À l’issue de cette rencontre inaugurale et hautement stratégique, les chefs
d’état-major de l’AES, ont décidé de la création d’une force conjointe qui sera
opérationnelle dans un «bref délai», a annoncé à l’issue de la réunion le chef
d’état-major des Armées du Niger, le général de Brigade Moussa Salaou Barmou.
Le haut gradé de l’Armée nigérienne a indiqué que les participants sont
parvenus à élaborer «un concept opérationnel permettant d’atteindre les
objectifs en matière de défense et de sécurité assignés par les autorités des
États de l’Alliance».
À ce propos, l’officier général s’est réjoui qu’après les échanges riches
et fructueux, les différents points inscrits à l’ordre du jour ont été discutés
et que les délibérations de hautes factures traduisent la qualité des échanges
et surtout de l’intérêt que les responsables militaires portent aux questions
de sécurité et de défense sur toute l’étendue du territoire de l’AES.

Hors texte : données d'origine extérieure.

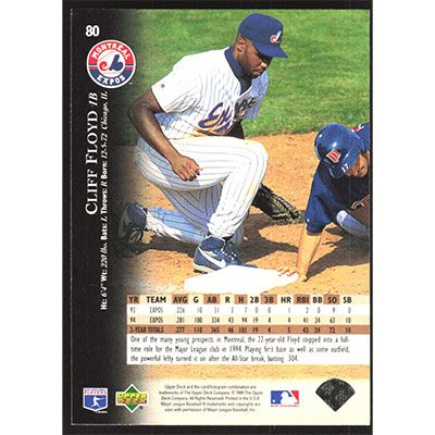 This is a 1995 Upper Deck Cliff Floyd baseball card. The card is #80 and pictures show condition.
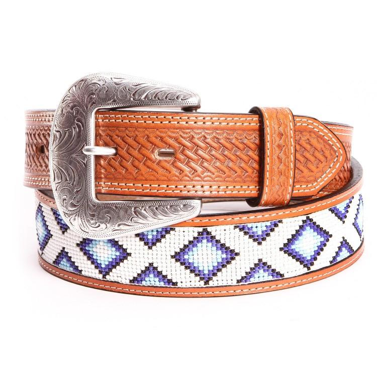 Cowboy Chrome Men's Blue Diamond Hand Beaded Belt
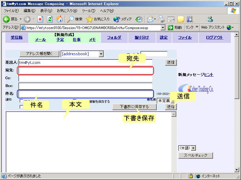 メールを新規作成するには、ページ上方のナビゲーションバーの『【新規作成】メール』をクリックします。
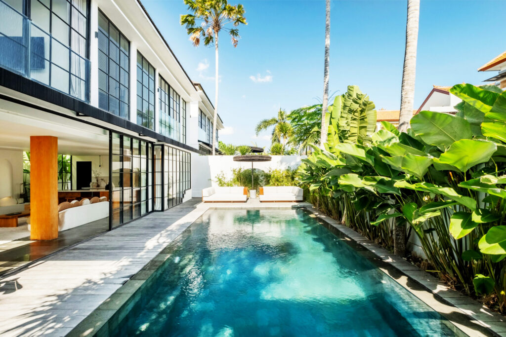 This elegant residence spans two floors and features expansive floor-to-ceiling windows and doors that open directly to the refreshing pool, creating an inviting indoor-outdoor living experience.
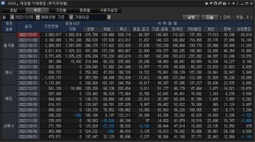 27일 연합인포맥스의 투자주체별 채권 거래종합 화면(화면번호 4556번)에 따르면 연기금(기금·공제)은 이달 들어 26일까지 장외시장에서 채권을 4조2천818억원어치 순매수한 것으로 집계됐다. 금융채를 1조5천328억원어치 순매수하며 가장 많이 매입했고 국고채도 1조원 넘게 담았다.
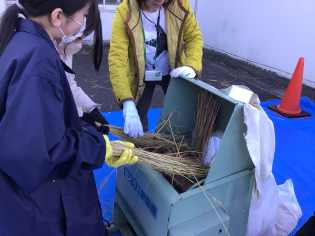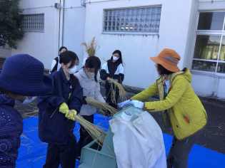 【5年生しめ縄飾りづくりのための準備の様子】 |
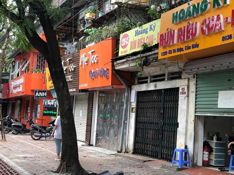 Cả tuyến phố các hàng quán đã "cửa đóng then cài" |
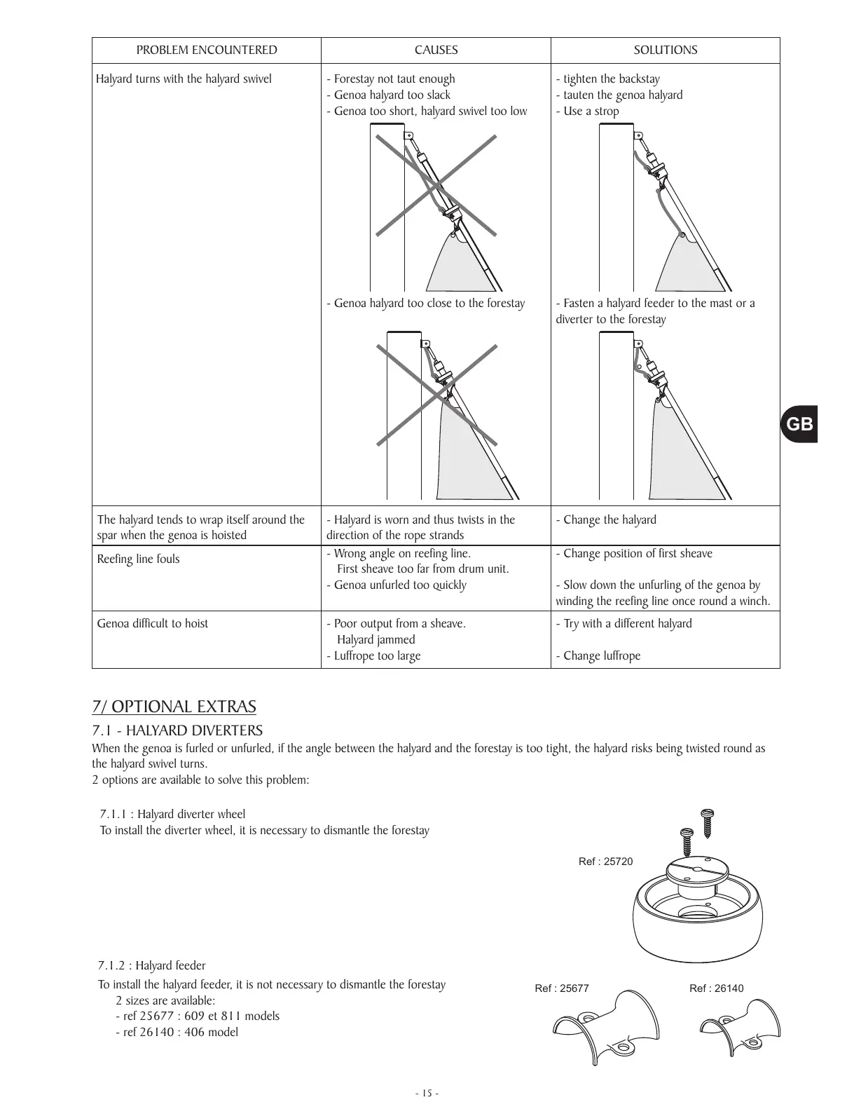 When the genoa is furled or unfurled, if the angle between the halyard and the forestay is too tight, the halyard risks being twisted round as
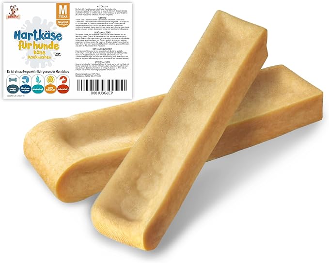 Наши натуральные жевательные косточки производятся в Европе. Наши сырные палочки для собак – богатый источник кальция и белка. Мы придаём большое значение тому, чтобы ваши собаки получали высококачественные сырные лакомства, изготовленные из настоящего коровьего молока, полученного от европейских коров и изготовленные вручную в наилучших условиях. Наши сырные палочки не содержат зерна и глютена и изготовлены из 100% органических и экологичных ингредиентов. Основной ингредиент – сверхтвёрдый сыр, изготовленный из натурального коровьего молока. Наши сырные жевательные палочки для собак – это восхитительный оригинальный продукт для каждой собаки, обеспечивающий восхитительное и продолжительное удовольствие от жевания. Это полезный, низкокалорийный корм с уникальным вкусом. Наши сырные палочки не содержат искусственных консервантов, красителей, ароматизаторов и добавленного сахара. Они стимулируют естественные инстинкты вашей собаки и способствуют правильному жевательному поведению. В состав входят исключительно натуральные, экологически чистые вещества, такие как коровье молоко, лимонный сок и соль. В каждой упаковке находятся два сырных снека среднего размера весом 50–80 г каждый.
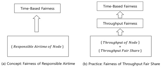 Equation (5) says that the fairness of responsible airtimes can be determined via the fairness of throughputs, or, more precisely, the fairness of the throughput achieving ratios. This is our practical approach, as illustrated in Figure 2b.

Selon le haut gradé du Niger, les participants ont saisi l’opportunité de
cette rencontre de Niamey pour faire le point de la situation sécuritaire qui
prévaut dans l’espace du Liptako-Gourma, certes dégradée, «mais qui est en
phase d’être maîtrisée avec le nouveau dynamisme observé dans la conduite des
opérations au niveau des trois pays de l’Alliance». Le général Barmou s’est
ensuite dit convaincu qu’avec les efforts conjugués des trois pays, ils
parviendront à créer les conditions d’une sécurité partagée. Ce qui constitue
un objectif au centre des préoccupations des États et des vaillantes populations
de l’espace en quête de paix et de stabilité.
«Ainsi, nous sommes arrivés à concevoir une force conjointe des pays de
l’AES qui sera opérationnelle dans un plus bref délai pour prendre les défis
sécuritaires dans notre espace», a conclu le chef d’état-major des Armées du
Niger.
Pour rappel, l’Alliance des États du Sahel a été créée le 16 septembre
2023, à travers la signature conjointe des chefs d’État du Mali, le colonel
Assimi Goïta, du Burkina Faso, le capitaine Ibrahim Traoré et du Niger, le général
Abdrahamane Tiani, de la Charte du Liptako-Gourma, un pacte de défense mutuelle
conclu entre les trois pays.
Dans les faits, la collaboration est déjà une réalité entre les Armées des trois pays. Par exemple lors de l’attaque contre une position de l’Armée malienne à Labbezanga cette semaine, les soldats nigériens ont prêté main forte à leurs frères d’arme du Mali pour infliger de lourdes pertes aux assaillants.